Он лгал. Хотя решение его и казалось ему неизбежным, оно заставляло его ненавидеть себя. Зирех ли была в том виноватой? Или он сам? Или кто-то еще, кого он не мог назвать?
– Еще, – выговорил Уроз, не открывая рта.
Не шевелясь, он лежал и глотал чай, и так опорожнил весь чайник.
– Господин, клянусь Пророком, я бегом помчусь и приведу Человека, который Лечит.
Все было круглым у этого лекаря: лицо, живот, глаза, толстые очки и даже его ладони, сложенные ковшиком. И только большой нос его был крючком. Он принюхался с порога к тлетворному запаху, стоявшему в комнате, бросил взгляд задумчивой совы на рану Уроза и приказал
– Принеси кипятку, чистые повязки и ровные гладкие дощечки. Неси, дитя мое любезное.
Голос круглого человечка был удивительно веселым, дружелюбным и звучал как песня.
– Будь благословен, ученый здешних долин, – слабым голосом приветствовал его Уроз. – Что ты можешь сделать для меня?
– Я расспрошу твою рану, сынок, и она сама даст мне совет, а я поступлю, как она скажет, – отвечал лекарь.

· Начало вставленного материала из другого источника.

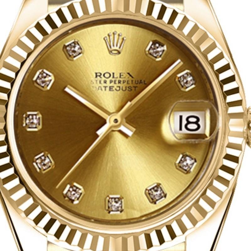 Rolex Datejust 179178 replica watch for women, champagne and diamond dial, yellow gold, 26 mm. 26mm diameter yellow gold Oyster case. Yellow gold fluted bezel. Scratch resistant sapphire crystal with Cyclops magnifying glass. Champagne dial with 10 diamond hour markers. Calendar with window at 3. Yellow gold President bracelet with hidden clasp.

И он склонил над раной Уроза свою круглую голову, покрытую круглой бархатной, шитой золотом тюбетейкой, и поднес сложенные ковшиком ладони к сломанной ноге в месте перелома. При этом он ни пальцем, ни ладонью к больному не прикоснулся. Казалось, он действительно спрашивает о чем-то сломанную костью и гниющую плоть. Прежде чем убрать руки, он нараспев проговорил:
– Ах, сынок, сынок, зачем такая небрежность по отношению к своему телу, так верно тебе служившему? Теперь ему нужен долгий, очень долгий покой и тщательный, тщательный уход.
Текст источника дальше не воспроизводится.